EXERCISE OBJECTIVE: If pictures appear among the lines below, leave them out while you return exactly the lines from the one with "కీసర, మేజర్ న్యూస్" through the one with "Manutenção vai proporcionar".

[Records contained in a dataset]
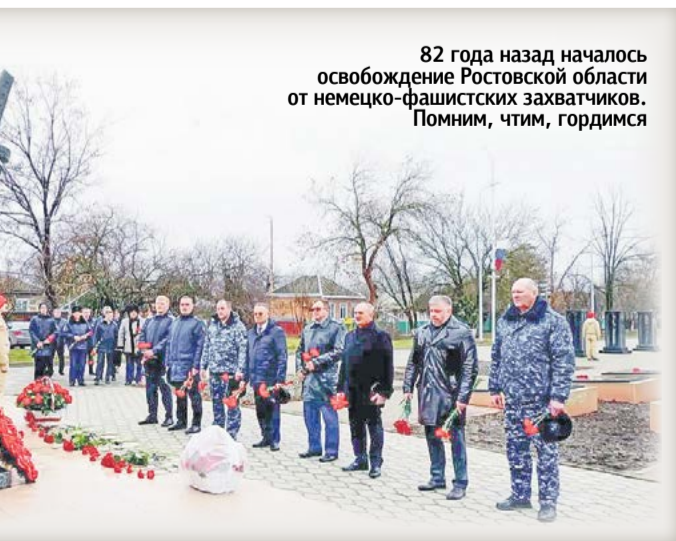
82 года назад началось освобождение Ростовской области от немецко-фашистских захватчиков. Помним, чтим, гордимся

• Монумент строили восемь лет. «Родина-мать» появилась как память о великом сражении, о героизме и стойкости советских солдат.
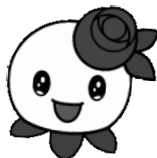
白石区マスコットキャラクター しろっぴー
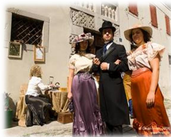
Slika 2. Dame i gospoda u šetnji gradom
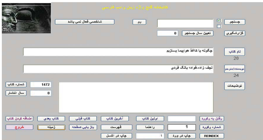
شکل ۷- پنجره اطلاعات کتاب‌نگاشتی منابع گنج‌واژه (کتابخانه)

در این برنامه، همچنین کتابخانه‌ای برای دستیابی به اطلاعات کتاب‌نگاشتی منابع و جلوگیری از ورود اطلاعات تکراری طراحی شده است، که از طریق آن، جست‌وجو در عنوان و نویسنده و سال نشر منابع ممکن شده است.
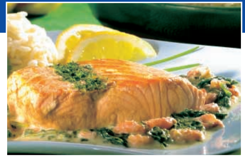
Zalm 'filet pur' in spinazie-garnalensausje uit 'Smakelijk ! 2', p. 133.

Kelvin is het eigen merk voor Colruyt-diepvriesvis: zalm, kabeljauw, staartvis, zeewolf, tong, victoriabaars, pangasius... U vindt er vis naar ieders smaak . Hebt u al eens koningskoraalvis of tilapia geproefd? Voor de verschillende bereidingen, biedt Colruyt u eenzelfde product in verschillende vormen aan. Zo vindt u bv. voor zalm: wilde of gekweekte zalm, filets of steaks ... De Kelvin-vis is klaar voor gebruik : schoongemaakt en meestal gefileerd zonder vel. Ideaal voor de bereiding van heerlijke gerechten!
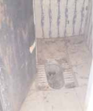
హరిజనవాడ ప్రభుత్వ పాఠశాల మరుగుదొడ్డు దుస్థితి.

కీసర, మేజర్ న్యూస్ (జూలై, 10): విరిగిన గేట్లు.. ఊడిన తలుపులు.. కంపు కొడుతున్న మరుగు దోడ్డు.. మూత్రశాలలు, చెత్తా చెదారంతో నిండుకున్న అవరణలు.. దుమ్ము పట్టిన బెంచీలు.. ఇది మేధ్యల్ మల్టాక్ గిరి గిరి జిల్లాలో ప్రభుత్వ పాఠశాలల దుస్థితి.. ప్రభుత్వం మారినా.. సమస్యలు మాత్రం అలాగే ఉన్నాయి. గత ప్రభుత్వం 'మన ఊరు.. మన బడి', ఇప్పటి కాంగ్రెస్ ప్రభుత్వం 'అమ్మ ఆదర్శ పాఠశాల' స్కీముల పేరిట సర్కారీ స్కూళ్ల అభివృద్ధి కోసం కోట్ల రూ.లు వెచ్చించిన బదుల స్థితి గతులు ఏ మాత్రం మారలేదు. నాసిరకం పనులతో కాంట్రాక్టర్లు, విద్యా శాఖ అధికారులు పర్యవేక్షణ లోపం వల్ల ప్రభుత్వ బదుల్లో సమస్యలు రాజ్యమేలుతున్నాయి. మౌలిక వసతులకు 12 కోట్లు మేధ్యల్ మల్టాక్ గిరి జిల్లాలో 375 ప్రభుత్వ పాఠశాలలు, 22 ప్రాథమికోన్నత పాఠశాలలు, 108 ఉన్నత పాఠశాలలు, 10 ఎయిడెడ్ పాఠశాలలు మొత్తం కలిపి 515 ప్రభుత్వ పాఠశాలలు ఉన్నాయి. కాంగ్రెస్ ప్రభుత్వం కొత్తగా ప్రవేశపెట్టిన 'అమ్మ ఆదర్శ పాఠశాల' స్కీమ్ లో భాగంగా ప్రభుత్వ పాఠశాలల్లో మౌలిక వసతుల కల్పనకు రూ. 12.01 కోట్లను కేటాయించారు. ఈ నిధులతో 286 ప్రభుత్వ పాఠశాలలో ఈ విద్యా సంవత్సరం అత్యవసర
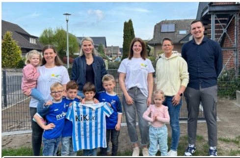
Der Besuch aus Meppen brachte ein tolles Geschenk

von der Geschäftsstelle des SV Meppen kam persönlich in die Kita, um das Engagement zu würdigen. Als Dankeschön brachte er ein originales Trikot aus dem DFB-Pokalspiel des SV Meppen mit, das sowohl der Kita als auch dem Förderverein überreicht wurde. Vielleicht, so die Idee, kann dieses besondere Stück sogar zur weiteren
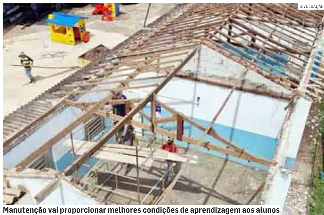
Manutenção vai proporcionar melhores condições de aprendizagem aos alunos

As escolas municipais São Judas Tadeu, região da Área Cura, e na EM Magdalena Maria Vedovatto Callegari, região do Maria Antonia, contam com Ensino em Tempo Integral, como um projeto piloto. O cardápio da merenda escolar foi rea-
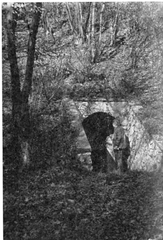
A Vass Imre-barlang új bejárata
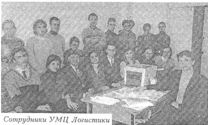
Сотрудники УМЦ Логистики

- "Логистик" владеет методами планирования и координации совместной деятельности различных предприятий,
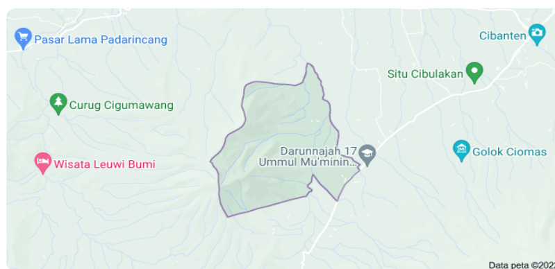
Siketug Kec. Ciomas, Kabupaten Serang, Banten
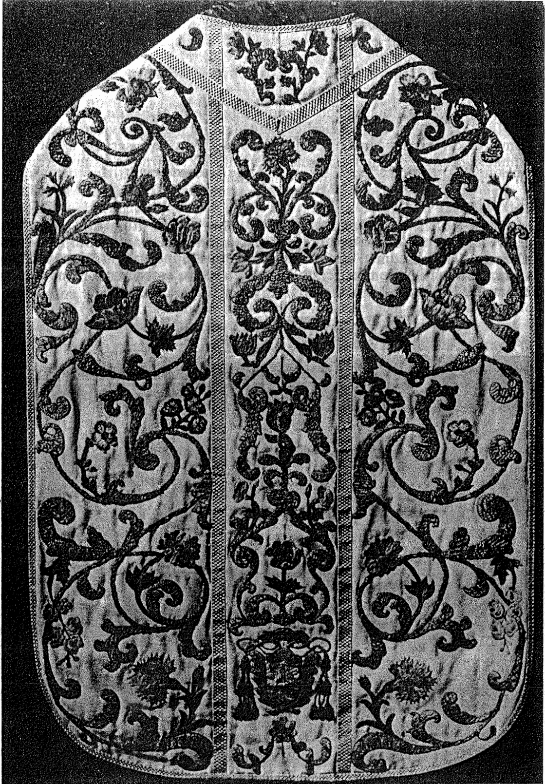
Misnica biskupa Španiáa. — 17 st.
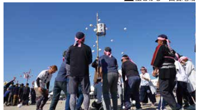
▲ 玉入れ 福富地域
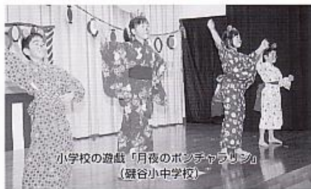
小学校の遊戯「月夜のボンチャラリン」 (磯谷小中学校)
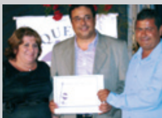
PIZZARIA GAÚCHA Pizzaria Rua Dom Elizeu, 521 (38) 3671 3645
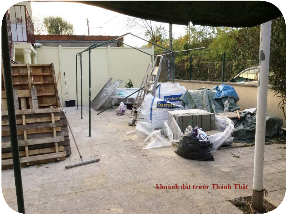
khánh đất trước Thành Thất
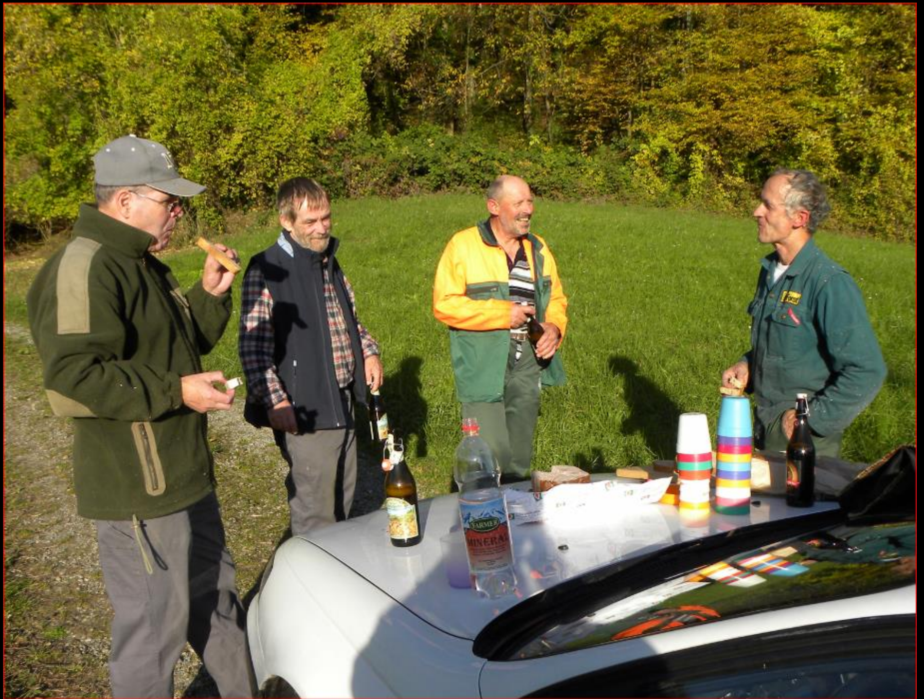
Tannholz 8. November
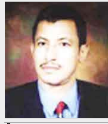
إعداد: دكتور معين عبد الباري
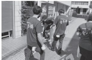
JR四街道駅前の清掃活動にて

青年部ヤングバザールは行う予定です。会員の皆さま！市民の皆さま！今年も皆様のご協力のもと、会場では十分なコロナ感染対策を行いお待ちしておりますので、是非ご来場下さいますようお願いいたします。
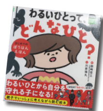
わるいひとってどんなひと？
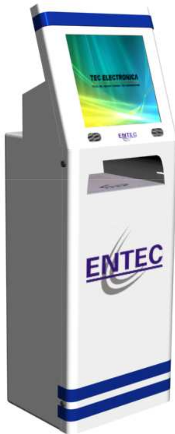
Mod. L5S con monitor touch screen e impresión láser.
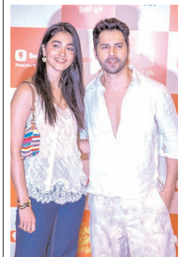
मुंबई में अपनी आगामी फिल्म 'हाय जवानी तो इश्क होना है' के प्रमोशन के दौरान मीडिया कैमरों के लिए पोज देते बॉलीवुड कलाकार वरुण धवन और पूजा हेगड़े।

उन्होंने आगे कहा, 'मैं बचपन से ही अपनी उम्र के बच्चों की तुलना में ज्यादा समझदार थी। जहां अधिकतर बच्चे अपनी इच्छाओं और जरूरतों के बारे में सोचते हैं, वहीं मैं अपने परिवार की परिस्थितियों और माता-पिता की भावनाओं को समझने लगी थी।

RESPONSE BELOW:
కీసర, మేజర్ న్యూస్ (జూలై, 10): విరిగిన గేట్లు.. ఊడిన తలుపులు.. కంపు కొడుతున్న మరుగు దోడ్డు.. మూత్రశాలలు, చెత్తా చెదారంతో నిండుకున్న అవరణలు.. దుమ్ము పట్టిన బెంచీలు.. ఇది మేధ్యల్ మల్టాక్ గిరి గిరి జిల్లాలో ప్రభుత్వ పాఠశాలల దుస్థితి.. ప్రభుత్వం మారినా.. సమస్యలు మాత్రం అలాగే ఉన్నాయి. గత ప్రభుత్వం 'మన ఊరు.. మన బడి', ఇప్పటి కాంగ్రెస్ ప్రభుత్వం 'అమ్మ ఆదర్శ పాఠశాల' స్కీముల పేరిట సర్కారీ స్కూళ్ల అభివృద్ధి కోసం కోట్ల రూ.లు వెచ్చించిన బదుల స్థితి గతులు ఏ మాత్రం మారలేదు. నాసిరకం పనులతో కాంట్రాక్టర్లు, విద్యా శాఖ అధికారులు పర్యవేక్షణ లోపం వల్ల ప్రభుత్వ బదుల్లో సమస్యలు రాజ్యమేలుతున్నాయి. మౌలిక వసతులకు 12 కోట్లు మేధ్యల్ మల్టాక్ గిరి జిల్లాలో 375 ప్రభుత్వ పాఠశాలలు, 22 ప్రాథమికోన్నత పాఠశాలలు, 108 ఉన్నత పాఠశాలలు, 10 ఎయిడెడ్ పాఠశాలలు మొత్తం కలిపి 515 ప్రభుత్వ పాఠశాలలు ఉన్నాయి. కాంగ్రెస్ ప్రభుత్వం కొత్తగా ప్రవేశపెట్టిన 'అమ్మ ఆదర్శ పాఠశాల' స్కీమ్ లో భాగంగా ప్రభుత్వ పాఠశాలల్లో మౌలిక వసతుల కల్పనకు రూ. 12.01 కోట్లను కేటాయించారు. ఈ నిధులతో 286 ప్రభుత్వ పాఠశాలలో ఈ విద్యా సంవత్సరం అత్యవసర
Der Besuch aus Meppen brachte ein tolles Geschenk

von der Geschäftsstelle des SV Meppen kam persönlich in die Kita, um das Engagement zu würdigen. Als Dankeschön brachte er ein originales Trikot aus dem DFB-Pokalspiel des SV Meppen mit, das sowohl der Kita als auch dem Förderverein überreicht wurde. Vielleicht, so die Idee, kann dieses besondere Stück sogar zur weiteren
Manutenção vai proporcionar melhores condições de aprendizagem aos alunos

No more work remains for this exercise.